January 17, February 14, March 14, March 29, April 21;
May 28, June 28, July 29, August 9, August 21;
August 21, August 27, August 27, September 13, October 2;
October 2, October 2, November 12, December 6, December 13.

Just kidding. Variety, not.

Most pundits seem to agree that this argument has now been won and lost, following the recent General Election result (also noted in the final photo above). I’ll believe that when I see it. I now expect that there will be plenty of Leaving still to be done, after January the whenever it now is. Much depends, I think, on whether any substantial number of Remainers decide to become Rejoiners; or whether, to use a favourite phrase of such persons when they were winning this argument, the Remainers, aside from an insignificant rump, will now “move on”.

Early good impressions of my new Dyson vacuum cleaner

My home is too dusty, and that’s partly because vacuuming with an uncordless (cordful?) vacuum cleaner is not fun. So, I don’t do it nearly enough. There is a big push on to get us all to buy cordless vacuum cleaners, and I told my friend that I wanted one too, and could she help? She did. Upshot, a new but very mildly obsolete Dyson V6, which was much admired by all who intennet-reviewed it, at a considerably reduced price, refurbished and guaranteed by Dyson itself. It arrived this afternoon, thanks to a nearby post office.

I’ve already done a bit of cleaning with it, and although it is rather noisy, it is clearly going to get more used than the old vacuum cleaner with its electric wire all over the place everywhere and its tediously long pipe connecting the bit that does the dusting to the clunky old mothership but still not nearly long enough to avoid having the lug the damn machine around when I am vacuuming.

But the thing that really impressed me was this:

That’s the adapter, for recharging this new gizmo. That’s the plug and the wire that makes this new wireless vacuum cleaner actually wireless, when you’re actually vacuuming with it. And it is highly likely that this adapter/recharger will remain completely recognisable as the recharger for my vacuum cleaner. It even has “Dyson” written on it.
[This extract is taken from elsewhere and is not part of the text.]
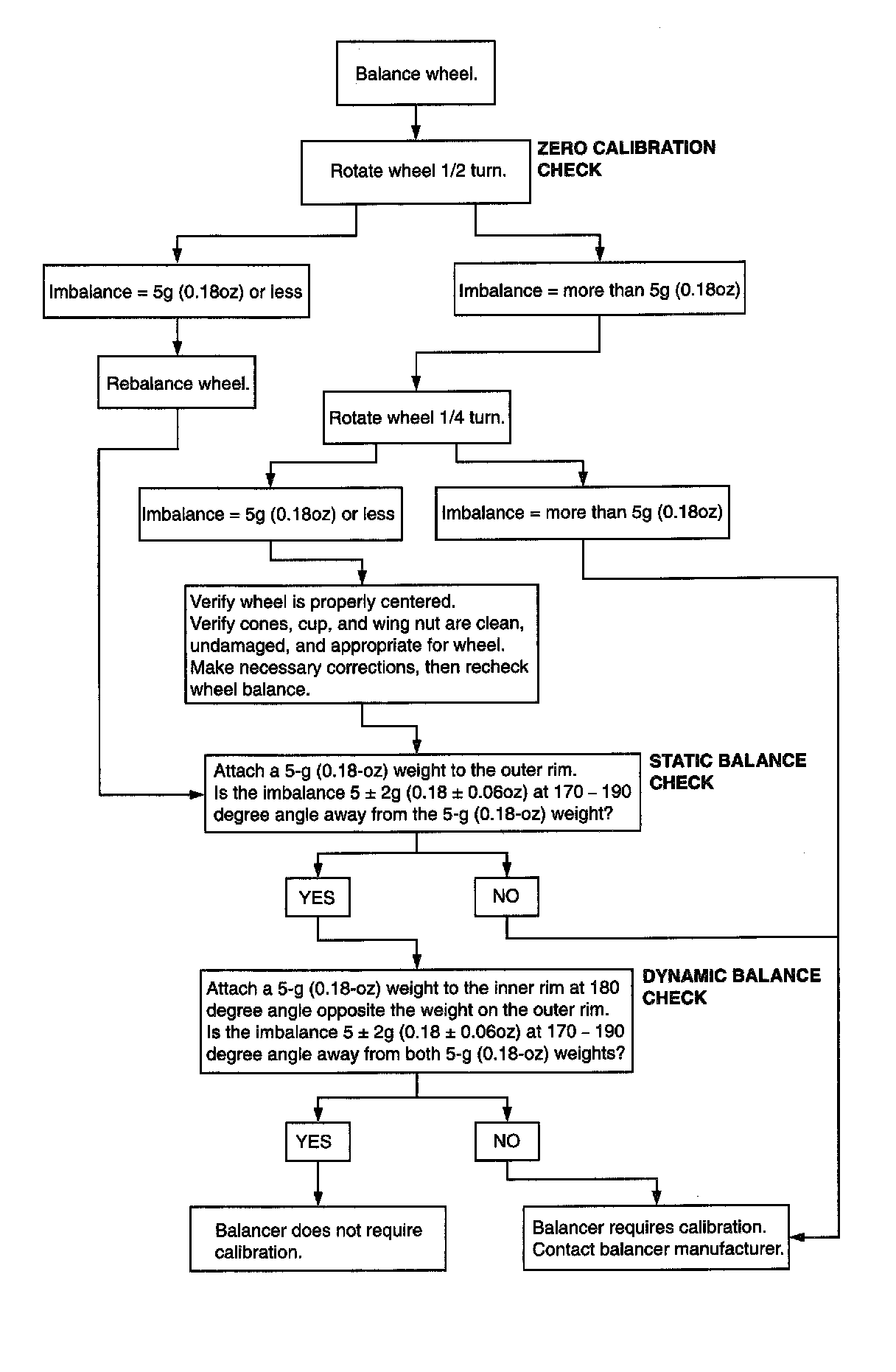 Check your balancer's calibration approximately every 100 balances. Your wheel balancer's instruction manual should include calibration procedures. If the calibration procedures specifically for your balancer are missing, use the generic steps for zero calibration, static balance, and dynamic balance checks. The wheel balancer calibration checks are also described in the flowchart.

Most such contrivances look like these ones:

That’s a photo I also took today of the drawer were I keep some of my many no-longer-used adapters. (I have others.) I fear to chuck out any of these because who knows when I might turn out to need one of them? These things can be hellishly expensive to replace, because the internet can detect your desperation and it prices accordingly, and anyway, when you want to find the right sort of adapter you want to get your hands on it now. But, once any of these get separated from the original object of their attentions, it becomes pure guesswork which one is the right one. Or rather, it becomes a skill that I personally don’t have. I have friends who could probably help me with this nonsense, but it’s still nonsense.

But this Dyson adapter will continue to identify itself as the adapter for my Dyson vacuum cleaner. It’s a weird not-quite-black colour, the exact same weird not-quite-black-black colour as its gizmo. It is a very individual shape, unlike all the other regular-black adapters in the above drawer. Best of all, it says Dyson on it.

I’m impressed. This suggests to me what already feels like it’s true for the gizmo as a whole, which is that this Dyson V6 has been very well designed, with every aspect of its design having been thought about carefully.